Since the model does not distinguish between "user prompt" and "document context", an instruction placed in the PDF can become part of the basis for decision-making. The actual attack surface is no longer the chat interface, but the company's document base.

A practical scenario arises in the recruiting process: Applications are often submitted via publicly accessible web forms. Curriculum vitae (CV) and cover letter are uploaded as PDFs, automatically stored and stored internally. If the HR department later accesses these documents via an internal LLM system -- for example, to summarize profiles or compare candidates -- the contents of these PDFs are read and processed by the system.

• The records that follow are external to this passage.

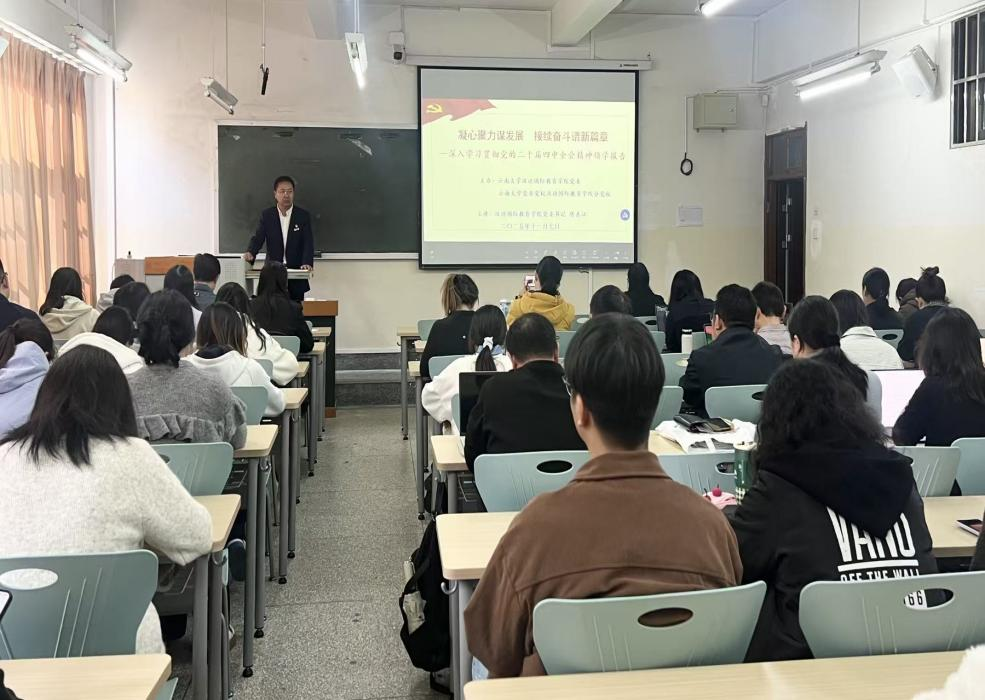 陈善江从“深入领会党的二十届四中全会的重大意义、牢牢把握党的二十届四中全会的鲜明特点、系统掌握党的二十届四中全会的主要内容、践行党的二十届四中全会精神的责任要求、未来五年高等教育的使命、学院‘十五五’发展目标与路径”几个维度,带领学院教职工和师生党员进行集体学习,推动理论学习与学院发展深度融合。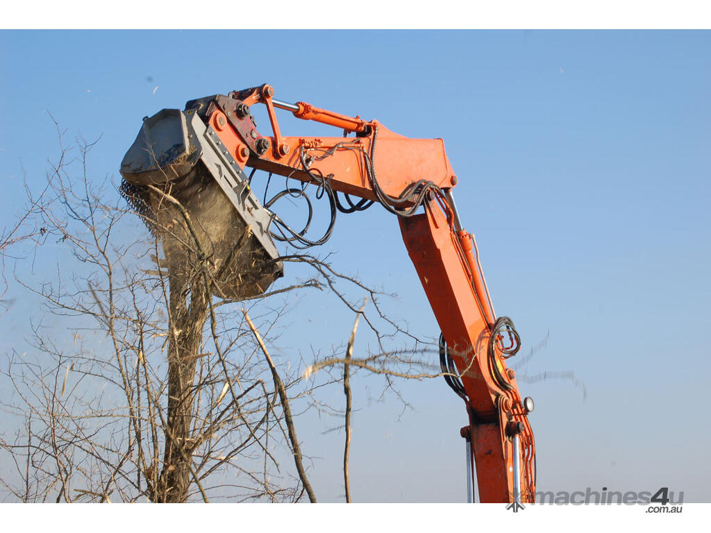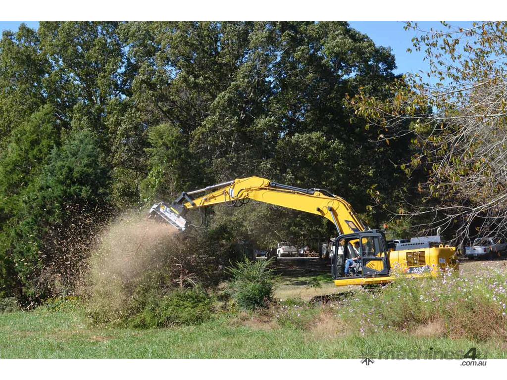 Forestry mulcher with fixed tooth rotor for excavators.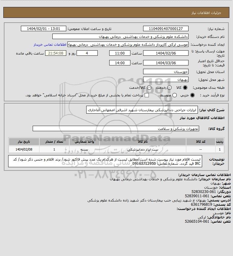 شرح کلی نیاز: ابزارات جراحی دندانپزشکی بیمارستان شهید اشرفی اصفهانی آغاجاری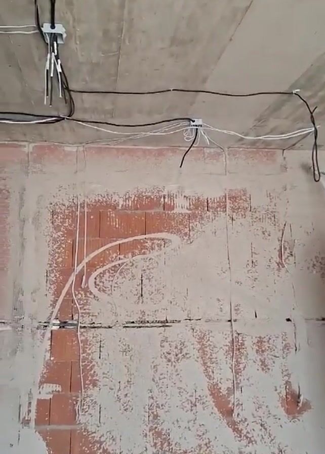 man applying plaster to an interior wall. The room is in the process of being renovated, with exposed brick and electrical wiring visible. The man is wearing a grey sweatshirt and dark pants. He is using a spray gun connected to a hose to apply the plaster evenly to the wall. The ceiling is bare concrete. The wall has visible remnants of previous layers of plaster and some embedded wires. The man is working on the corner of the wall.

If an attacker now deliberately places malicious instructions in the CV or cover letter, these can enter the internal LLM via the document index. The attack path thus runs from a publicly accessible upload function to document management and an internal AI system. Technically, it is an indirect injection that does not take place via the interface of the LLM, but via an upstream business process.

Many organizations do not take this risk into account because they assume that documents are merely a source of information. In fact, however, they become an integral part of the prompt and thus a potential attack vector.

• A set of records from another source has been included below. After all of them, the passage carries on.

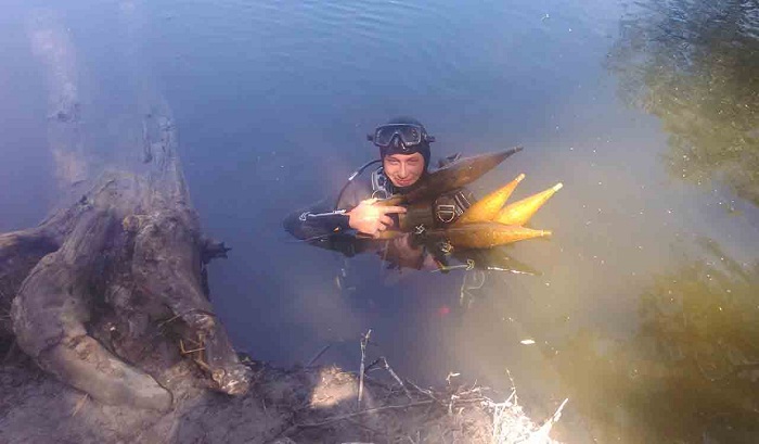 Так, по информации источника, всего с реки Айдар было поднято на поверхность следующие взрывоопасные предметы: граната РГД - 5 - 45 шт., граната ф - 1 - 41 шт., ВОГ - 2 шт., взрыватель РГМ - 56 шт., выстрел РПГ-6 шт., взрыватель В429 - 16 шт., зажигательная трубка - 10 шт., гранатомет РПГ - 22 - 1 шт., запалы УЗРГМ - 60 шт., патроны калибром 7,62 - 2,5 тысячи шт., калибром 14,5 - 77 шт.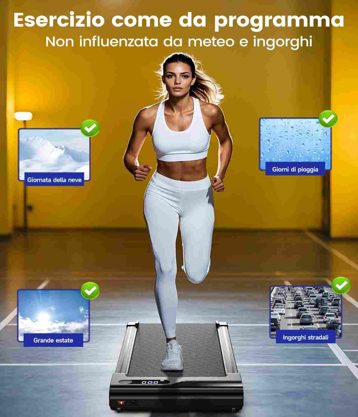 Ci sono 4 velocità regolabili: camminata, camminata veloce, jogging e corsa. Il nastro antiscivolo a 5 strati con trama diamantata, ammortizzatori in silicone e cuscinetti in gomma riduce i danni alle ginocchia. Inoltre è possibile controllare tutto con un display LED posto sul dispositivo.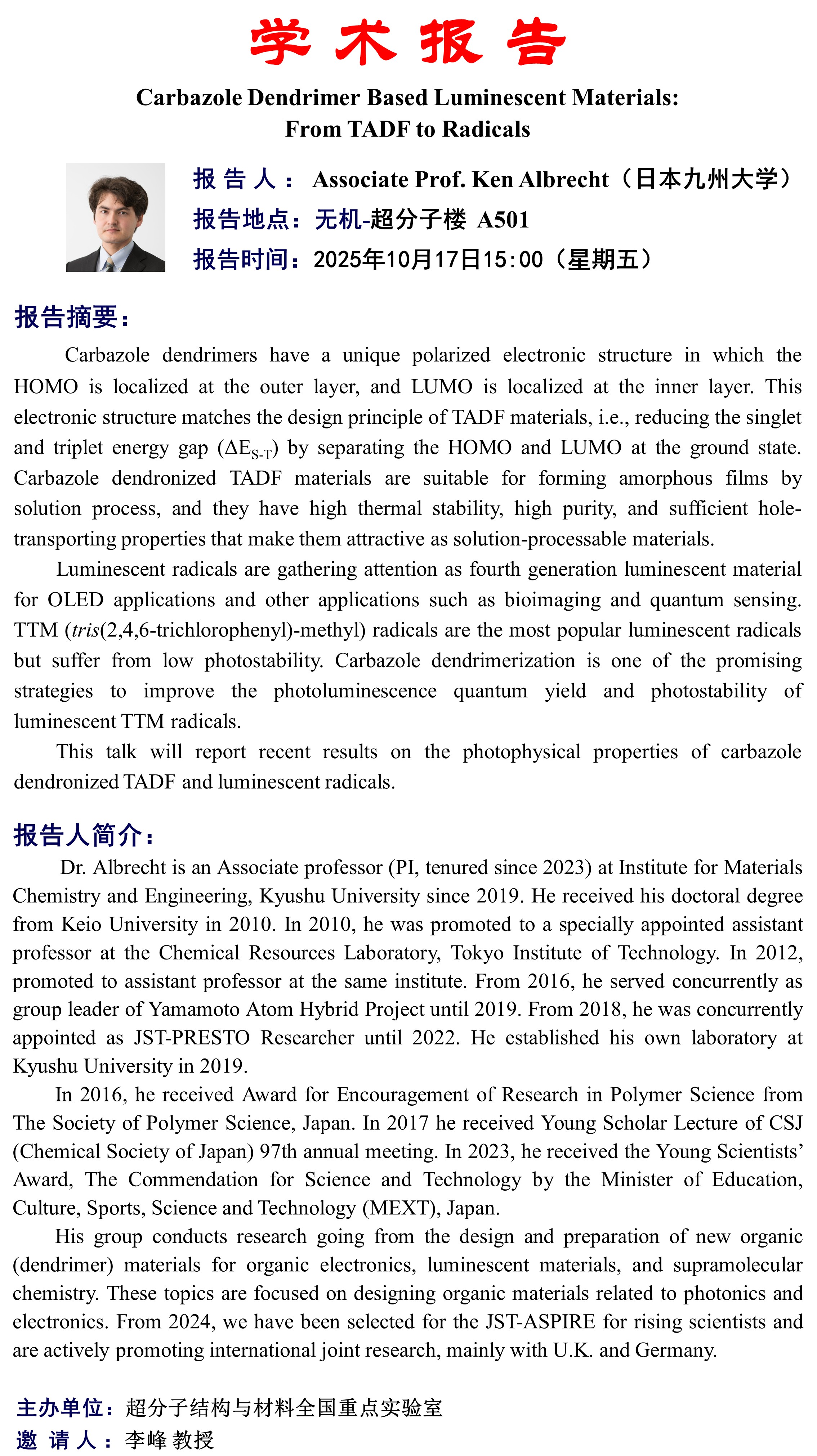 中心校区 无机-超分子楼 A501 会议室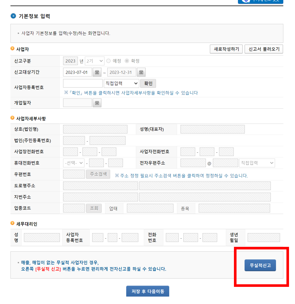 2) 기본정보 입력 후, 하단에 무실적신고 버튼을 누르고, 저장후 다음이동!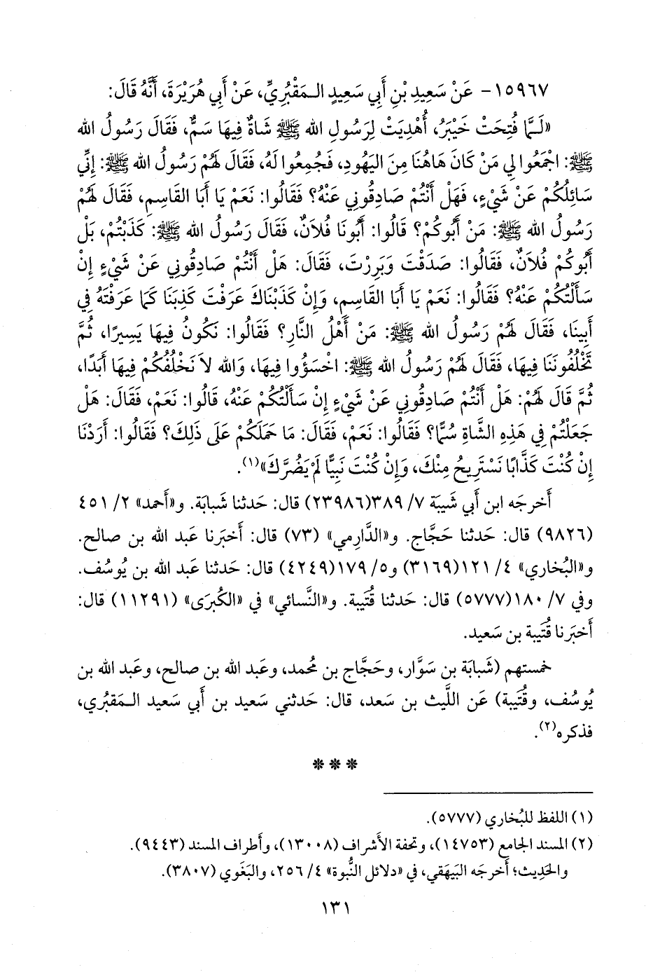 خمستهم (شبابة بن سوار، وحجاج بن محمد، وعبد الله بن صالح، وعبد الله بن يوسف، وقتيبة) عن الليث بن سعد، قال: حدثني سعيد بن أبي سعيد المَقبُري، فذكره (¬٢).

Access control and data exfiltration

Another structural problem of internal LLM systems lies in access control. The model itself has no permissions. It merely processes the context that is passed to it by the backend.

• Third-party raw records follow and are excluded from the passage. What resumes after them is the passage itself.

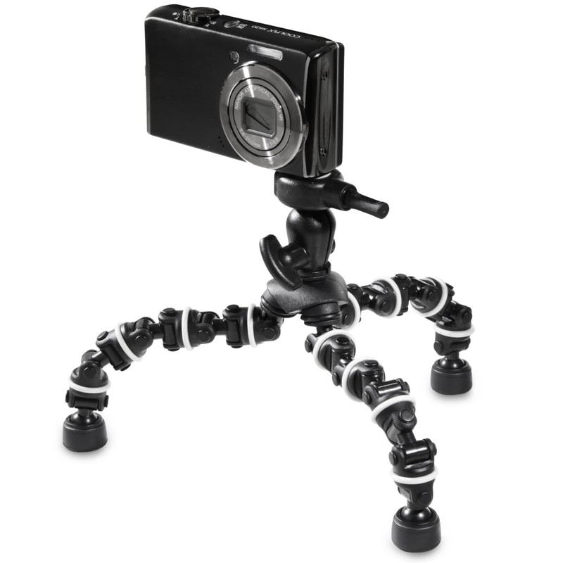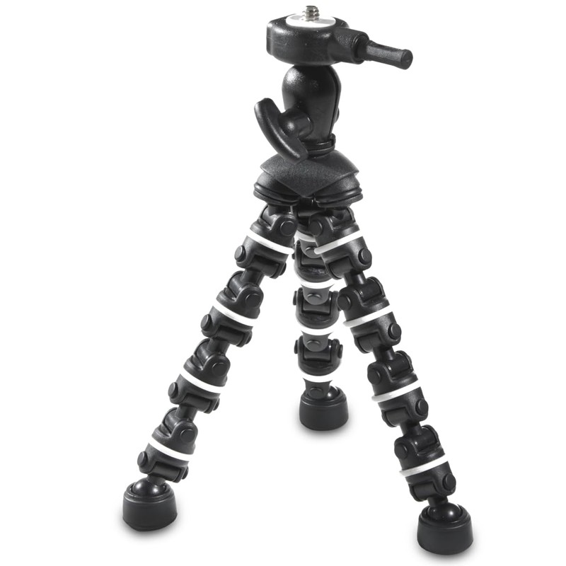 The Multiflex Tripod is namely more than a tripod in mini format. With its seven joints per leg, it is high-grade flexible and bendable and can adapt to every branch, fence and stairrail as well as every situation. Even as normal table tripod, it provides grip and stability thanks to the rubber feets. The quick-release plate with 1/4 inch connection offers the accustomed connection for your compact camera. The small carrying sizes of the little spider monkey have moreover the advantage that it fits in every small pocket.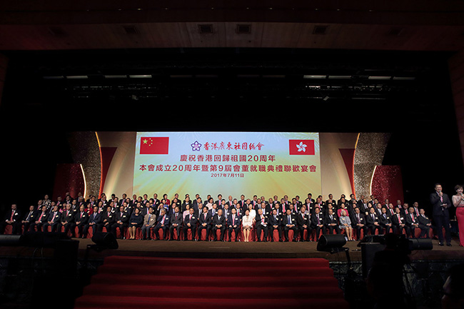 7月11日,香港广东社团总会成立20周年暨第九届会董就职典礼在香港会议展览中心举行。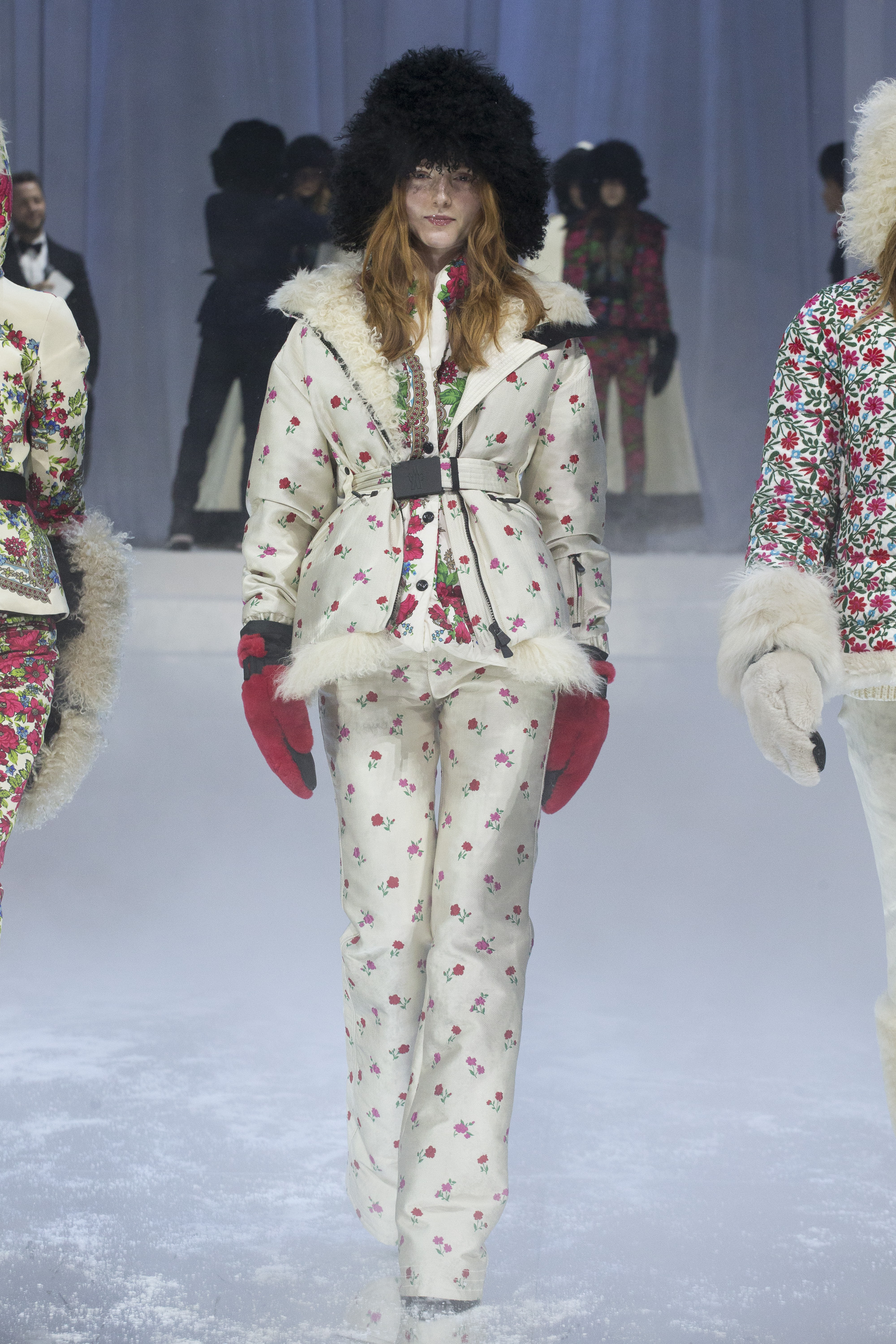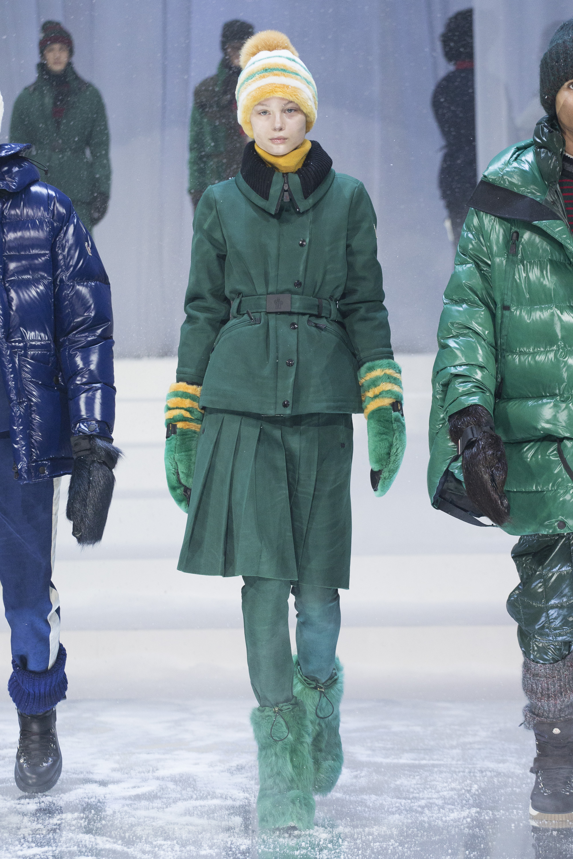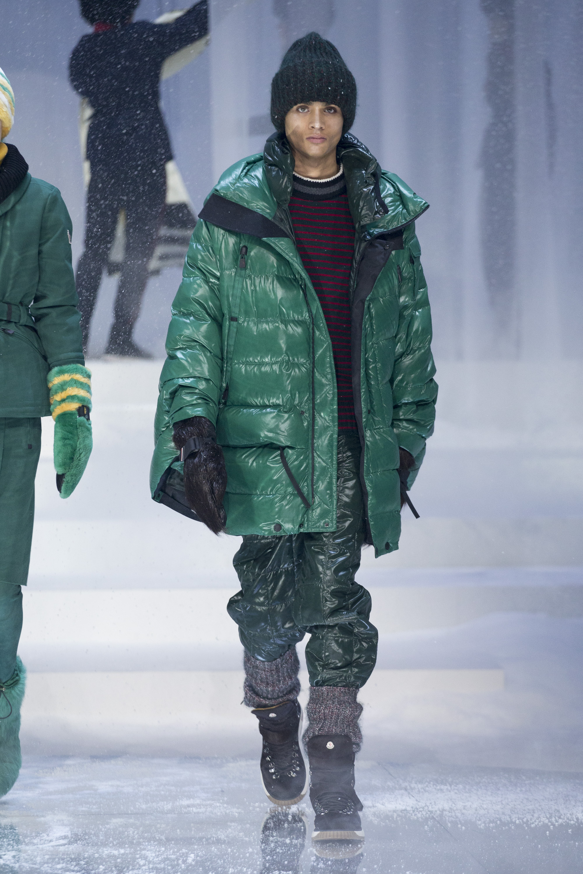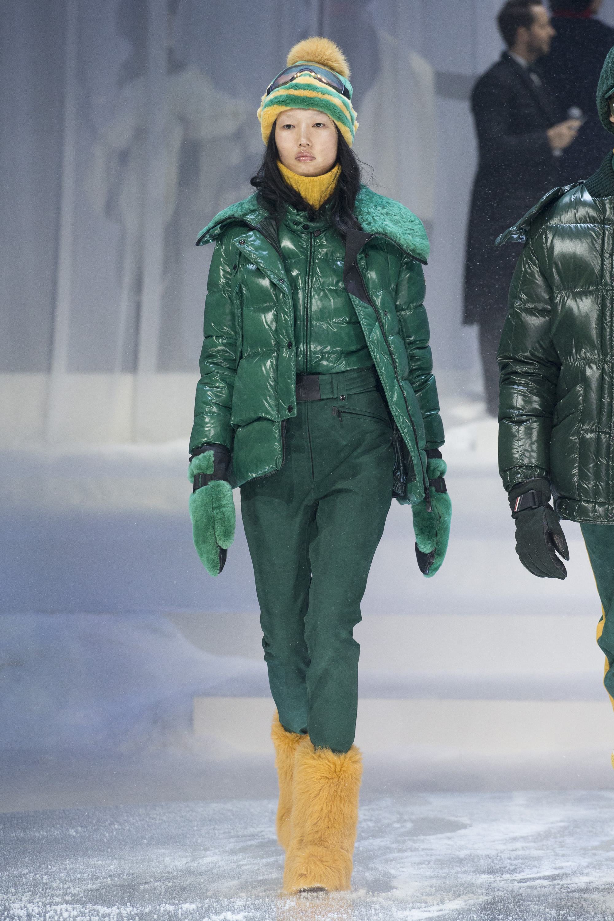 L’idée de base de Moncler Grenoble est de couvrir tous les aspects et chaque moment de la vie en extérieure dans une station de montagne durant la saison froide. Un concept esthétique inédit qui mélange citations et linéarité en parcourant librement les années 60, 70 et 80. Les combinaisons de ski pour hommes et femmes, laminées avec un film à l’intérieur et thermo-soudées pour accentuer au maximum leur caractéristique waterproof, sont de plus en plus chaudes et légères et emploient des coefficients de plumes spéciaux.

If the retrieval system retrieves documents without enforcing a clean document level access control, it can happen that content is passed to the model that the requesting user should not actually see. The model may then use this content in its response or at least indirectly reference it.

Attacks are often iterative. Through clever questioning, rephrasing or shifting context, information can be reconstructed step by step. Even if complete documents are not output, fragments or summaries can reveal sensitive content.
The core problem is architectural: security logic must not be left to the model, but must be technically enforced before context generation.

Tool integration and active system interventions

With the introduction of function calling or tool integrations, the risk profile is shifting further. The model no longer generates just text, but structured calls to backend functions. These can perform database operations, create tickets, or access external APIs. If such function calls are not strictly validated and authorized on the server side, an attacker can indirectly trigger actions via manipulated prompts. It becomes particularly critical when backend service accounts have far-reaching rights and the model acts as an intermediary.

In this context, it becomes clear that an LLM is not a security-conscious actor. It follows statistical patterns. Every safety-relevant decision must be technically secured outside the model.

Context and session isolation

Another technical aspect concerns the management of conversational contexts. Many systems store chat histories or use caching mechanisms to generate responses more efficiently.
If contextual data is not properly isolated, it can lead to blending between users or sessions. In multi-tenant environments. this represents a significant risk. Since the model itself does not have client separation, this must be strictly enforced in the backend.

Basic technical insight

LLM systems are not classic software components with clear decision logic, but probabilistic word processing systems. They have no intrinsic understanding of security and no reliable separation between instruction and data.
As soon as internal documents are automatically analyzed, indexed and integrated into prompts, the attack surface expands considerably. Manipulated PDF content, indirect prompt injection via knowledge bases, and inadequate access controls are among the most realistic risks in productive enterprise environments.

The security assessment of such systems therefore requires an architectural understanding of the entire processing chain – from document parsing to retrieval mechanisms and tool execution.

The critical point is not only in the model, but in the way it is connected to data, context and system functions.